Großer Ratschlag „Internet in der Psychotherapie“
In den letzten 20 Jahren ist der Anteil der „Onliner“ in Deutschland stetig gestiegen: 2017 nutzten rund 62 Millionen Menschen das Internet (ARD/ZDF-Onlinestudie), der Anteil der Online-Nutzer liegt bei rund 89 Prozent (statista.com). Die Bedeutung der digitalen Medien und die Veränderung der Kommunikationswelt machen auch vor der Profession der Psychologischen Psychotherapeutinnen und Psychologischen Psychotherapeuten und Kinder- und Jugendlichenpsychotherapeutinnen und Kinder- und Jugendlichenpsychotherapeuten und der Ausübung von Psychotherapie nicht Halt. Zu diesem Thema hatte die Psychotherapeutenkammer NRW (PTK NRW) am 24. Januar 2018 ihre Kammerversammlungsmitglieder zu einem Großen Ratschlag in die Kassenärztliche Vereinigung Westfalen-Lippe in Dortmund eingeladen.
Ziel der Veranstaltung war, über den Sachstand zu informieren und damit verbundene zentrale Themen zu diskutieren. „Wir müssen uns damit befassen, was aus fachlicher Perspektive unter Psychotherapie mittels Anwendung von Internetangeboten zu verstehen ist, welche seriösen Angebote wir machen können und wo wir Grenzen sehen“, hob Gerd Höhner, Präsident der PTK NRW, in seiner Begrüßung hervor. „Auch mit den rechtlichen Rahmenbedingungen müssen wir uns beschäftigen. Eine zentrale Frage ist beispielsweise, wo Beratung endet und wo Behandlung beginnt“. Moderiert wurde der Große Ratschlag von Mechthild Greive, Beisitzerin im Vorstand der PTK NRW.
Einblick in die Forschung
Über den Stand der Forschung informierte Prof. Dr. Harald Baumeister von der Universität Ulm in seinem Impulsreferat „Blended Therapy: Integration neuer Medien in den psychotherapeutischen Alltag“. Der Leiter der Abteilung für Klinische Psychologie und Psychotherapie und der psychotherapeutischen Hochschulambulanz führte an, dass eine Fülle von Studien die Wirksamkeit von Interventionen mittels Internet und Smartphones belege, wobei therapeutisch begleitete Online-Programme mehr Wirksamkeit entfalten würden als unbegleitete. Hinsichtlich des Vergleichs mit face-to-face-Angeboten ließen eidenzbasierte Metaanalysen erkennen: Bei Erwachsenen, die sich die Nutzung sowohl von Online- als von Offline-Angeboten vorstellen können, wirke beides gleich gut. Auch eine Metaanalyse für den Kinder- und Jugendlichenbereich zeige keinen Unterschied in der Wirksamkeit. Vergleichsweise wenig ließe sich derzeit darüber sagen, wie viele Menschen Online-Interventionen für akzeptabel halten. Es zeige sich aber, dass Informationen und Aufklärung die Akzeptanz erhöhen. Diskutiert werde zudem, ob Online-Therapien den Zugang zu klassischen Psychotherapien erleichtern oder erschweren können.

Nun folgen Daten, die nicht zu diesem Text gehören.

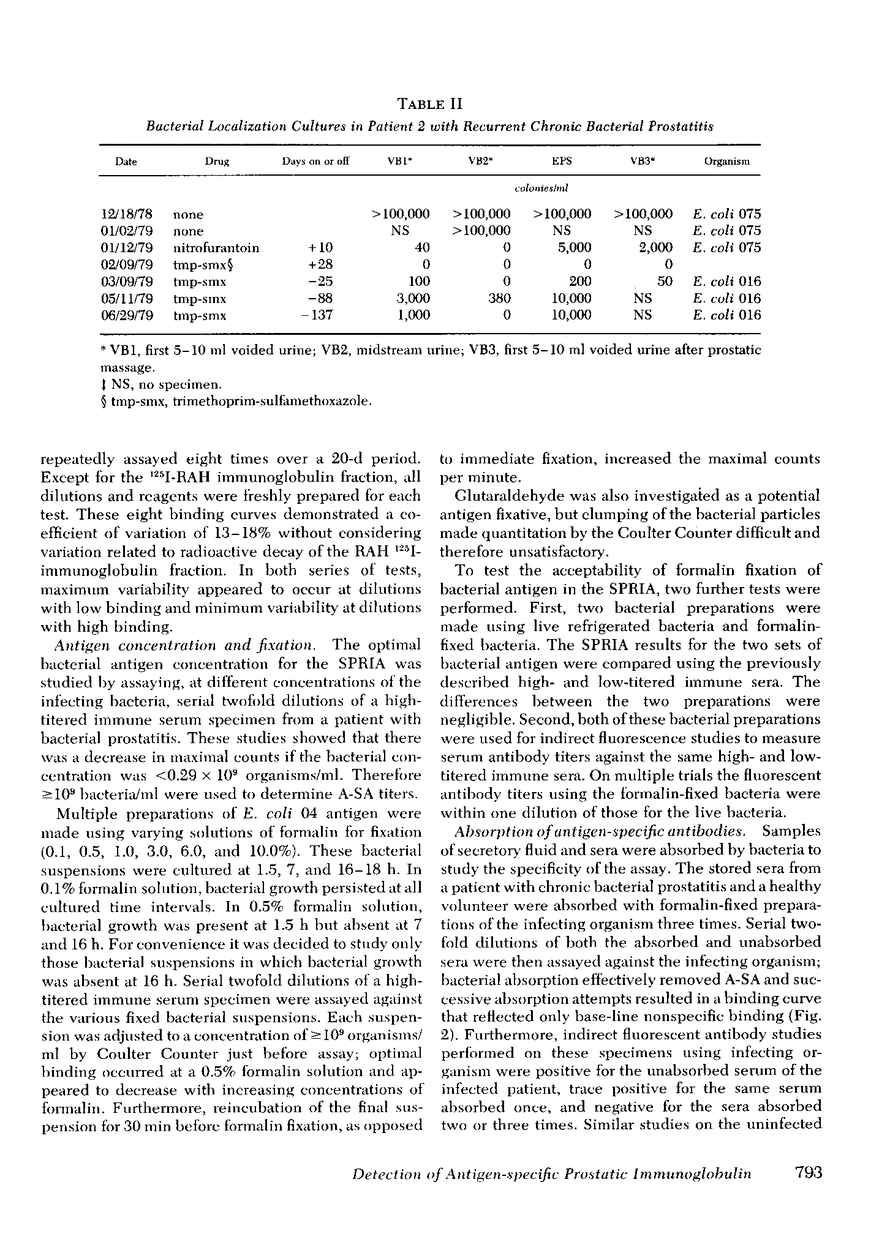 The prostatic fluid of two patients with Escherichia coli bacterial prostatitis was analyzed for evidence of a local immune response to bacterial infection. A solid-phase radioimmunoassay was modified to measure the immunoglobulin (Ig)A and IgG antigen-specific antibody responses to infecting bacteria in serum and prostatic fluid from patient. Formalin-fixed whole E. coli were used as antigen. In one patient with acute E. coli prostatic infection, measurements of antigen-specific antibody confirm the presence of a systemic and local immune response. However, in another patient with a chronic E. coli prostatitis, a primarily local immune response was demonstrated. The response measured in the prostatic fluid appears to be locally stimulated and specific for the infecting bacteria. Furthermore, IgA was the predominant immunoglobulin involved in the local prostatic immune response to infection. Although elevations of serum IgA antigen-specific antibody levels were short-liver after treatment of prostatic infection, local IgA antigen-specific antibodies were detected for as long as 1 yr after the initial infection in both patients studied.
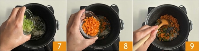 Ajoutez ensuite le céleri 7, la carotte 8 et faites-les revenir quelques minutes à feu doux 9.

Als eine Verzahnungsmöglichkeit von Online-Interventionen und unmittelbarer Psychotherapie beschrieb Baumeister die sequentielle Abfolge. Hierbei können Online-Maßnahmen der erste Schritt sein, etwa für Menschen, die auf einen Therapieplatz warten, oder auf den direkten Therapeutenkontakt folgen, zum Beispiel für die Nachsorge im Anschluss an einen Klinikaufenthalt. Eine andere Form der Umsetzung der Blended Therapy sei die Integration einzelner Internetmodule in eine unmittelbare Psychotherapie vor Ort. Neben Fragen zu Wirksamkeit, Versorgungsrelevanz und der Gestaltung von Angeboten stellte der Referent als weitere Diskussionspunkte den Weg in die Praxis und die Auswirkungen der Veränderungen auf das Verständnis von Psychotherapie und das Selbstverständnis des Berufsstandes heraus. Die Profession sollte sich in jedem Fall mit dem Thema „Online-Angebote in der Psychotherapie“ befassen. Würden Psychotherapeutinnen und Psychotherapeuten hier nicht aktiv, sei die Frage, wer dieses Feld zukünftig übernehmen würde.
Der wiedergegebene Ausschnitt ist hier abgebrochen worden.